Linking Medical and Dental Records in Health Information Exchanges Could Improve Dental Patient Safety, Preventive Care, and Treatment Outcomes

Dental professionals require access to each patient’s complete electronic health record – including laboratory test results and current prescriptions – so they can provide the best care possible; care that is safe for the patient, promotes preventive management and improves dental treatment outcomes.

This unprecedented access would aid all types of dental professionals, including general dentists, oral surgeons, periodontists, prosthodontists, endodontists, hygienists and others. A new multi-study project from the Regenstrief Institute and Indiana University School of Dentistry has determined that information from patients’ medical records is generally not available to oral health practitioners in either an easy-to-use or timely manner.
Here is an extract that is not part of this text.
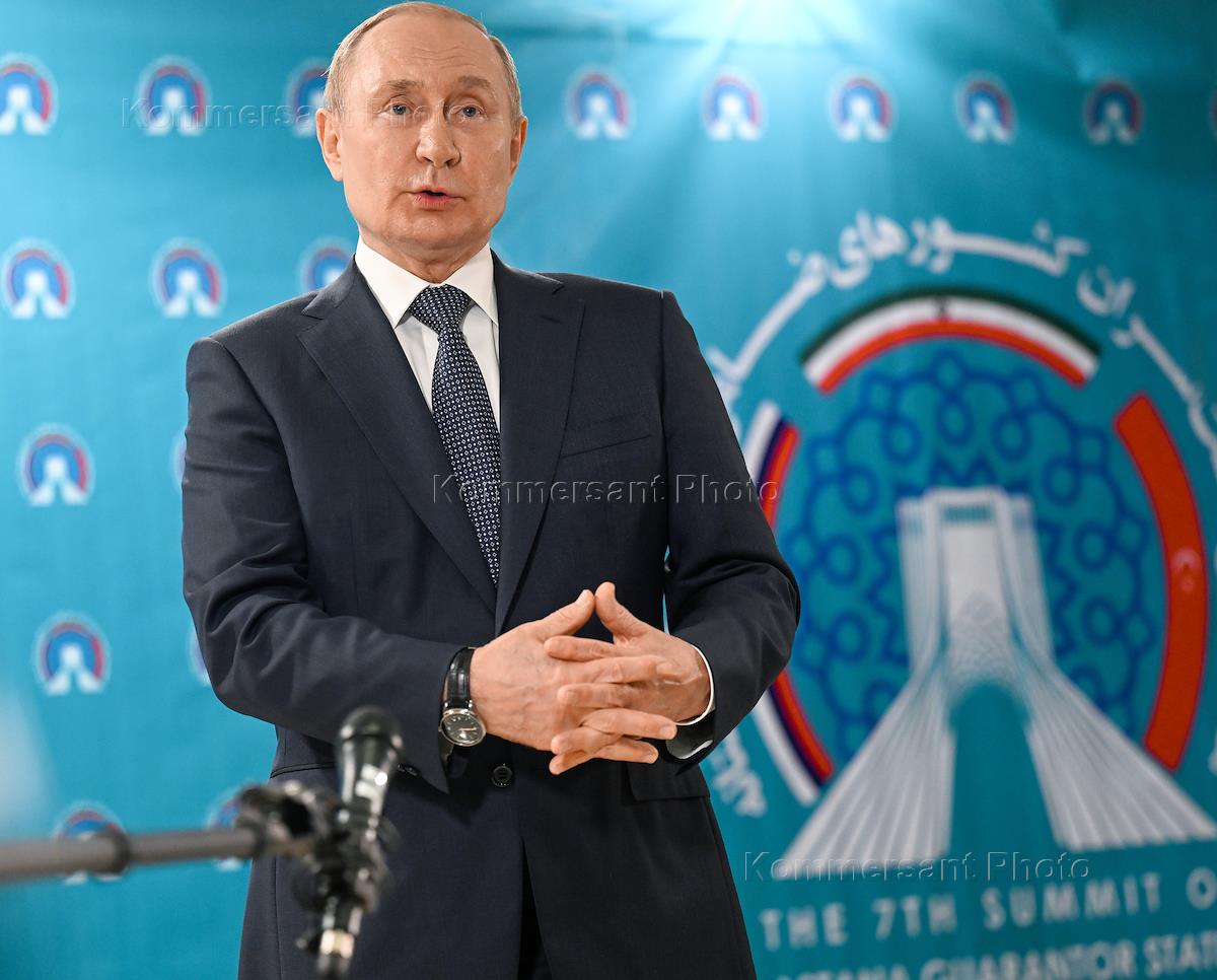 Рабочая поездка президента России Владимира Путина в Иран. Президент России Владимир Путин отвечает на вопросы журналистов после трехсторонней встречи глав государств – гарантов Астанинского процесса содействия сирийскому урегулированию в Международном конгресс-центре.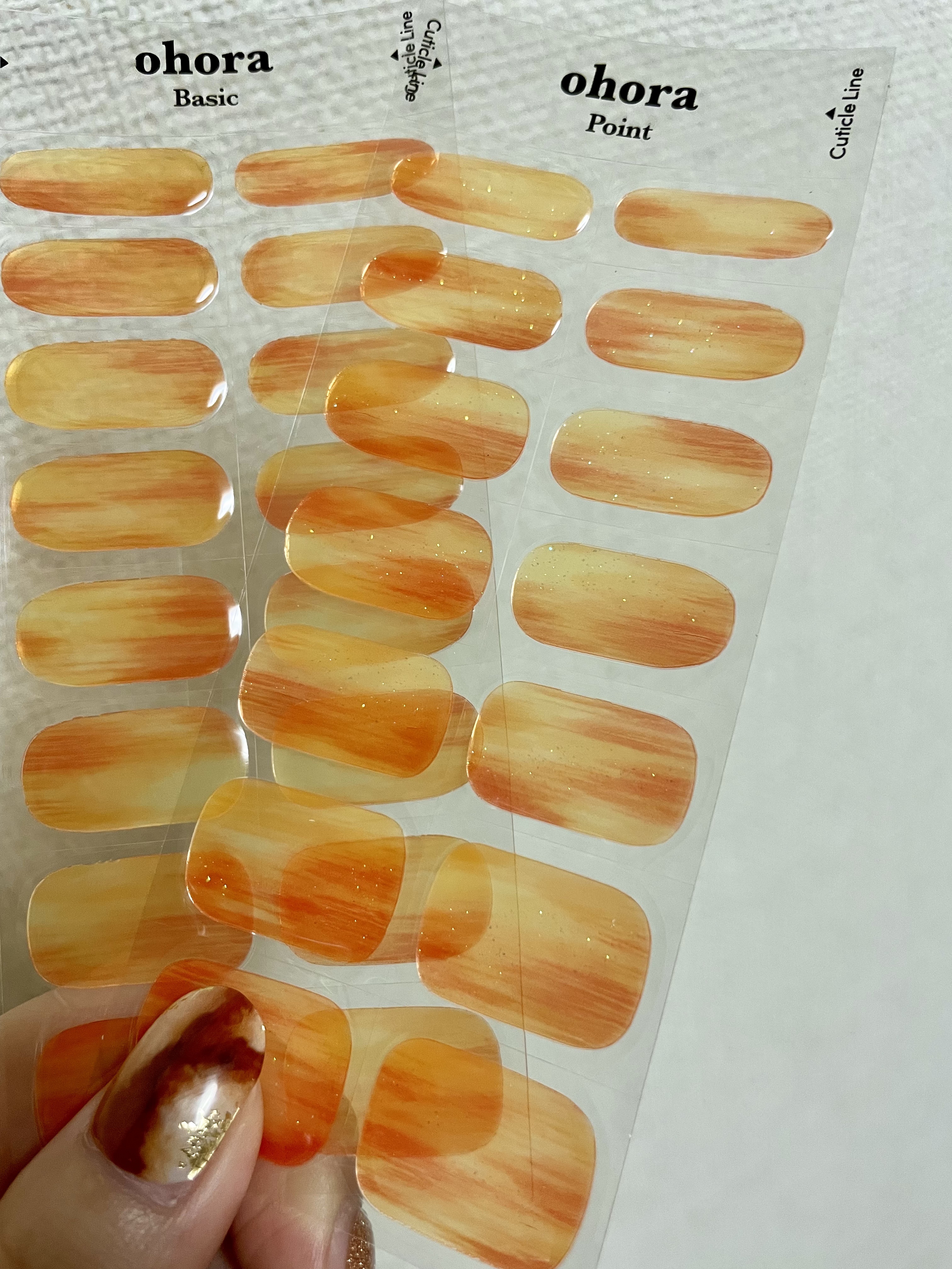 ohoraジェルネイルシール大好きなオホーラこちらのデザインはまだらなオレンジにキラキラの入ったデザインオホーラは本当に簡単に貼れて爪も傷つけない優秀✨#初夏のオレンジメイク...

The dental informatics researchers confirmed that requested medical information typically is faxed from a medical facility to the dental office. Faxes, sometimes unreadable when received, often are scanned into the patient’s dental record. The researchers found that, typically, the faxed information arrived in 7 to 10 days, although in the study, 30 percent took even longer.

“Oral health practitioners may need to confirm a list of medical considerations; for example, that there is no contraindication to a patient sitting in a chair for a lengthy procedure or whether a patient is taking any medication that could put them at risk for excessive bleeding during a tooth extraction or other procedure,” said senior author and study leader Thankam P. Thyvalikakath, DMD, MDS, PhD, director of the Regenstrief and IU School of Dentistry Dental Informatics program. “In this day and age of electronic data transmissions in banking, shopping and other commercial fields, should health professionals still be relying on inefficient, paper-based methods for sharing patient information?”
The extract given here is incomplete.